* **TASK INSTRUCTIONS**: Output the full listing below exactly, without the pictures.

* **DATASET SECTION**:
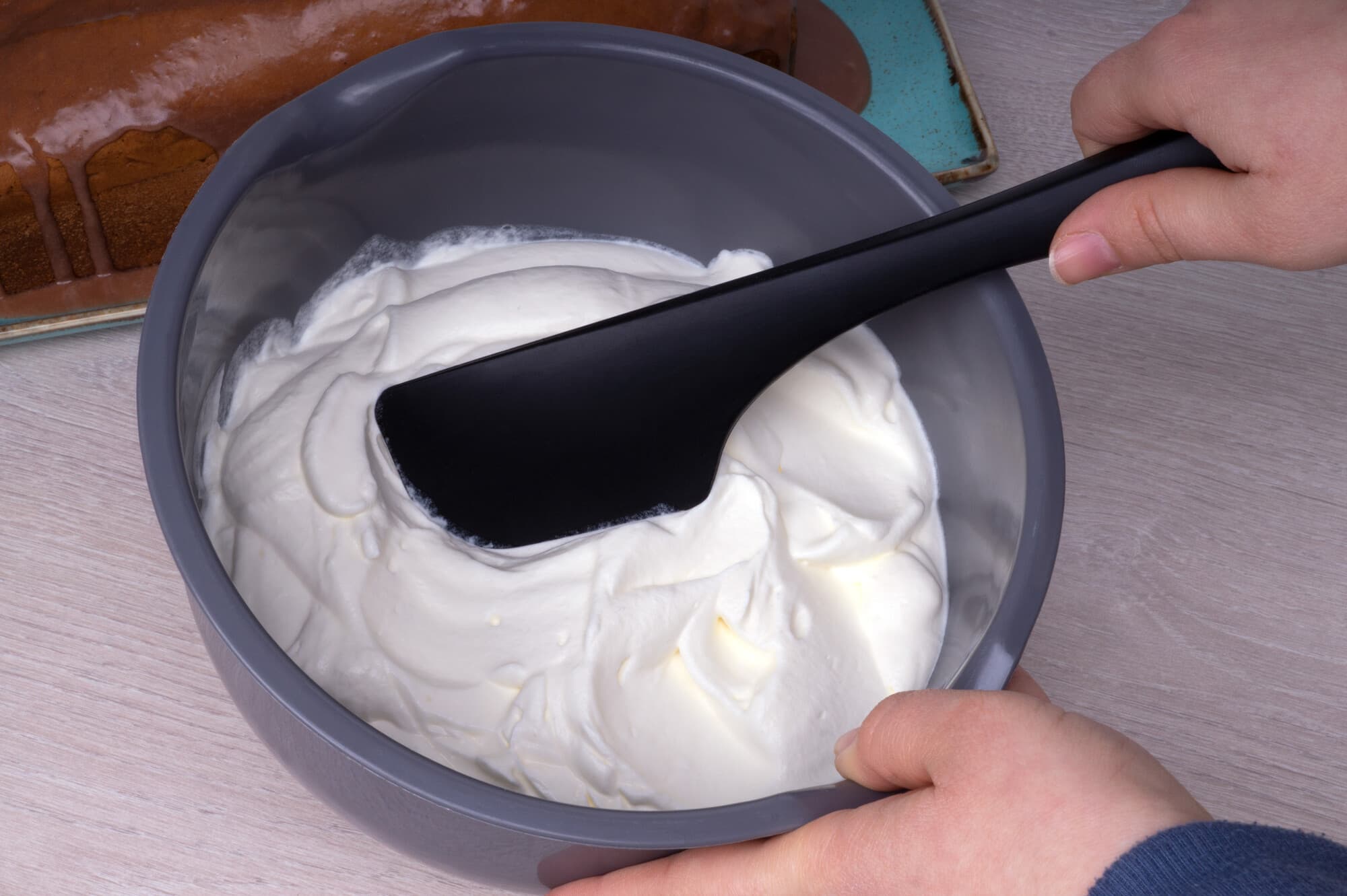 Ideal zum Verteilen von Kuchen- oder Pizzateig auf dem Backblech und in der Backform. Auch zum Glattstreichen von Sahne, Cremes, Pudding, Schokolade, Marmelade oder Pasten auf Kuchen und Torten eignet sich der Teigschaber hervorragend. Verwende ihn zum Unterheben von Eischnee oder zum Vermengen von Zutaten.
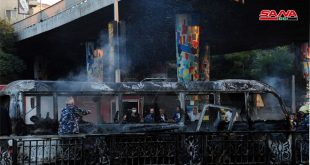 دمشق-سانا أدان مجلس الوزراء التفجير الإرهابي الذي استهدف صباح اليوم حافلة مبيت عسكري عند جسر السيد الرئيس بدمشق وأدى إلى ارتقاء أربعة عشر شهيدا ووقوع عدد من الجرحى. وأكد المجلس في جلسته الأسبوعية أن هذه الجرائم لن تزيد الشعب السوري …
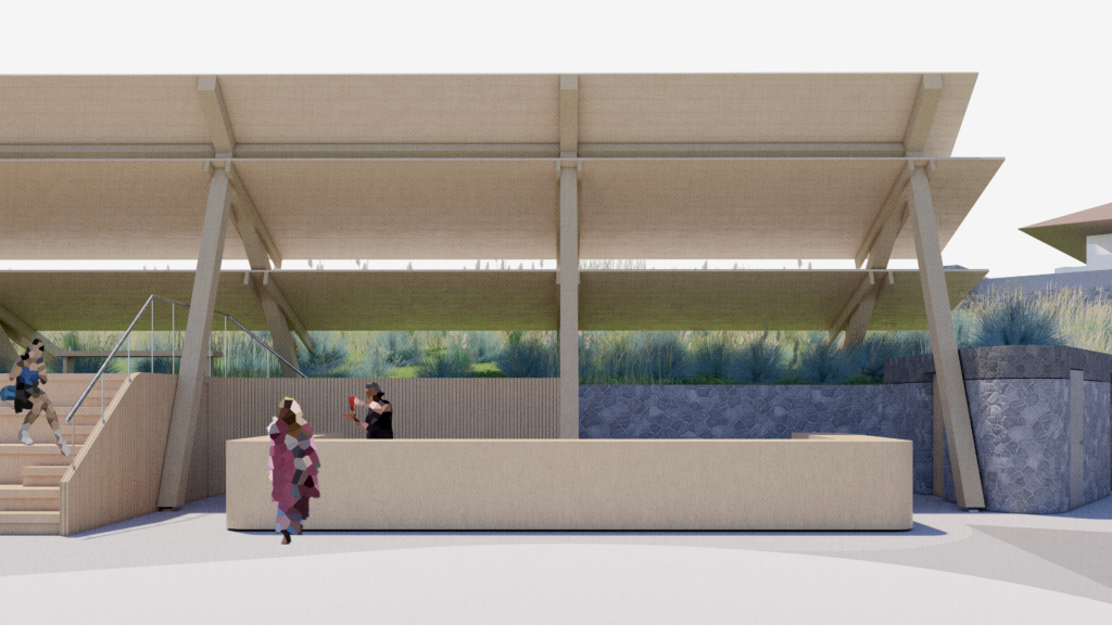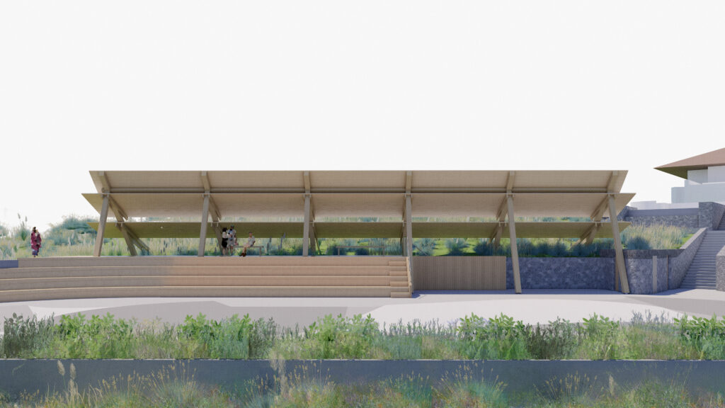 FE has been commissioned to design a dance theater at the edge of a meadow on the site of a neglected tennis court. The mass timber canopy that shades the audience and performers will also support a photovoltaic array that creates more electricity than required for the modest needs of the performance space.

* **WRITTEN RESPONSE**:
 Ideal zum Verteilen von Kuchen- oder Pizzateig auf dem Backblech und in der Backform. Auch zum Glattstreichen von Sahne, Cremes, Pudding, Schokolade, Marmelade oder Pasten auf Kuchen und Torten eignet sich der Teigschaber hervorragend. Verwende ihn zum Unterheben von Eischnee oder zum Vermengen von Zutaten.
 دمشق-سانا أدان مجلس الوزراء التفجير الإرهابي الذي استهدف صباح اليوم حافلة مبيت عسكري عند جسر السيد الرئيس بدمشق وأدى إلى ارتقاء أربعة عشر شهيدا ووقوع عدد من الجرحى. وأكد المجلس في جلسته الأسبوعية أن هذه الجرائم لن تزيد الشعب السوري …
 FE has been commissioned to design a dance theater at the edge of a meadow on the site of a neglected tennis court. The mass timber canopy that shades the audience and performers will also support a photovoltaic array that creates more electricity than required for the modest needs of the performance space.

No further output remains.